Voices

Why Arun Shourie is wrong about Modi government

Abhishek Pratap SinghJune 14, 2017 | 15:55 IST

The liberal defenders of free speech in India — who have been vociferous in their critique of the Narendra Modi government — have found their new hero in former Union minister Arun Shourie. The noted journalist found himself a victim of the "luddite fallacy" with the progress of the BJP government and its policies.

For an economist with PhD from Syracuse University, New York, it was a “felicitous call" that suits his time-serving mind and wisdom. Having said that, much like Sudheendra Kulkarni, my respect for him does propel me to make an intellectual enquiry of his "dwarfed and resentful" claims against the present government.

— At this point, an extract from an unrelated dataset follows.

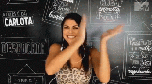 Bruna Louise claps enthusiastically in front of a chalkboard with Portuguese phrases, celebrating at Miaw2020.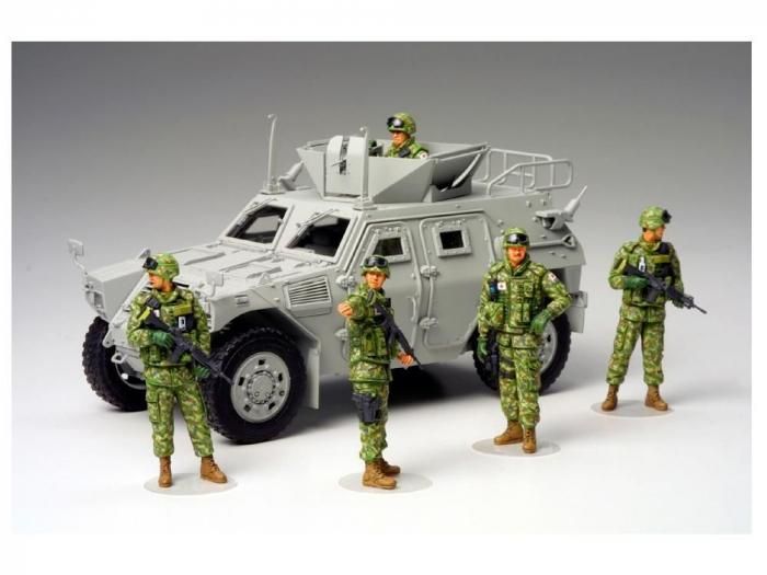 陸上自衛隊の最新装備となっている軽装甲機動車と組み合わせ、手軽に小情景が展開できるイラク派遣の陸上自衛隊員を再現したプラスチックモデル組み立てキットです。国内とは仕様の異なる防弾チョッキを着用した精悍な姿を実感豊かにモデル化。遠方を差し示し状況報告をするリーダーと報告を受けるコマンダーの2体、その周囲で89式5.56mm小銃を構え警備にあたる隊員2体、そして軽装甲機動車(別売)のルーフ上の銃塔に立つ機関銃手の計5体をセット。迷彩服の国籍マークはデカールを用意。アクセサリーとして89式5.56mm小銃とマガジンポーチ、小型マイクとレシーバー、双眼鏡、110mm個人携帯対戦車弾も付いています。

Much to the dismay of many of us his remarks on the functioning, nature and leadership of present government demand cultivated response.

From his outburst during the first anniversary of the Modi government, when he sharply criticised the pace of economic reforms and macroeconomic challenges, Delhi election management, reorientation of foreign policy and its follow up and lack of private investment in India.

As he quoted Deepak Parekh in that interview "with not much happening at the ground", he perhaps more likely ignored little later the views from noted industrial personalities like Anil Agarwal, Sunil Bharti Mital, Anil Ambani, Cyrus Mistry, Kumar Mangalam Birla, Jyotsana Suri and Rahul Patwardhan reposing the faith of the industry in the government at the launch of Digital India mission by PM Modi. 

He blamed the party's strategy for the debacle in Delhi Assembly elections (2016). What if he is asked about his "strategic collusion" in BJP’s debacle in 2004 parliamentary elections, in which he himself was part of the party's core group.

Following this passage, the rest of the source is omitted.